Einmal habe ein Häftling Geschrei gehört und einem SS-Mann Bescheid gegeben. Es war ein Baby, welches im KZ zur Welt gekommen war. Es wurde von dem SS-Mann an den Beinen genommen und mit dem Kopf an eine Stange geschlagen. Als wäre es ein Objekt. Da muss man sich die Frage stellen, wie viel Hass ein Mensch in sich tragen muss, damit er so etwas kaltblütiges tun kann. Dies ist nur ein Beispiel für viele weitere Gewalttaten.
Hinzu kommen die hygienischen Umstände. Angefangen damit, dass die Menschen auf den Transporten Richtung KZ oder Arbeitslager, wenn überhaupt, nur einen Eimer als Toilette hatten. Die Reise ging meist mehrere Tage und man hatte nicht viel Platz in diesem engen, finsteren, stickigen Viehwagon.
Aber all dies ist nur ein Bruchteil des Geschehens.
Nachdem Herr Engelmann mit Vorlesen fertig war, erzählte er uns noch von seinen eigenen Besuchen in Auschwitz und Birkenau – wie auch über die Gespräche mit den ZeitzeugInnen. Eine davon, Niusia Horowitz, durften wir selbst in Krakau treffen. Sie erzählte uns ebenfalls über ihre persönlichen Erfahrungen, was uns alle sehr berührt hat. Denn trotz alledem, saß sie vor uns und erzählte uns von ihren Narben.

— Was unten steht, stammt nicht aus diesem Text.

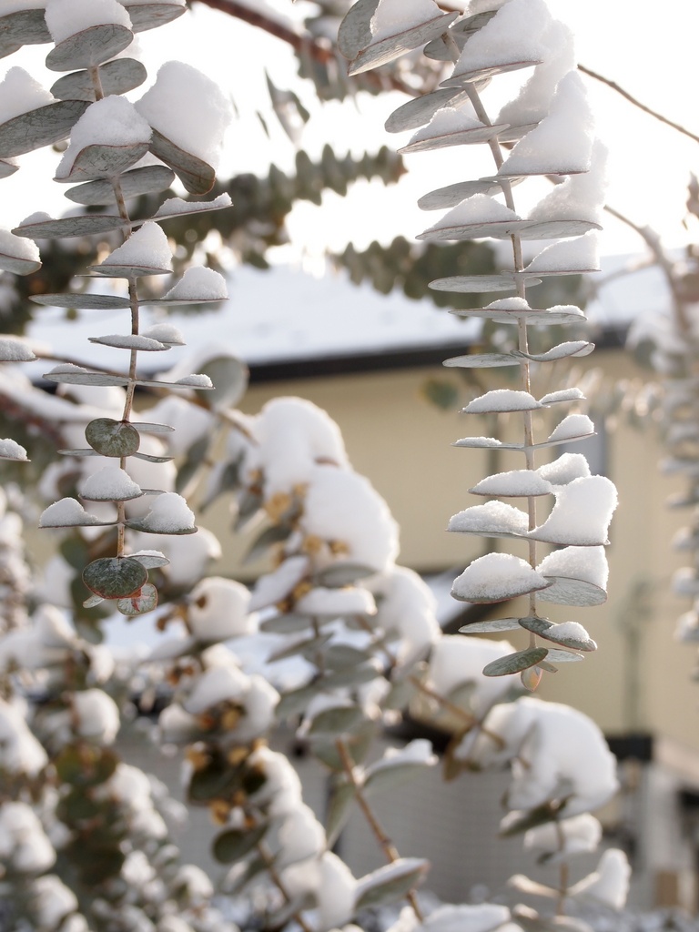 「銀丸葉ユーカリ」の葉っぱも、まっさらな粉雪を纏って…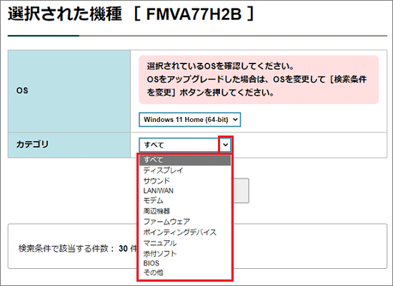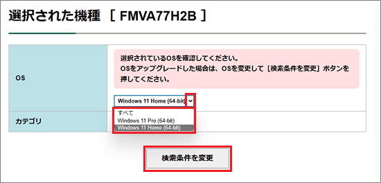 表示されていない場合は、「V」をクリックし、表示される一覧から現在のOSをクリックして、「検索条件を変更」ボタンをクリックします。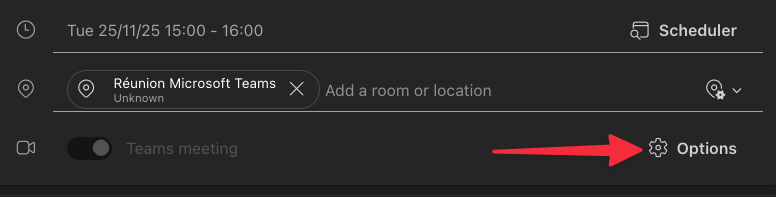 - Après avoir créé une réunion Teams, accédez aux options : depuis le calendrier Teams, double-cliquez sur votre réunion et cliquez sur le bouton Options

Zum Schluss möchten wir Herrn Reiner Engelmann einen großen Dank und ein großes Lob aussprechen, dass er uns diese sehr gewinnbringende Möglichkeit geboten hat und sich für diese Geschichte, die nie in Vergessenheit geraten darf, so sehr einsetzt. Dazu möchte ich noch hinzufügen, dass wir uns wünschen würden, häufiger Lesungen von Herrn Engelmann an unserer Schule zu bekommen, da das für alle ein großer Zugewinn ist.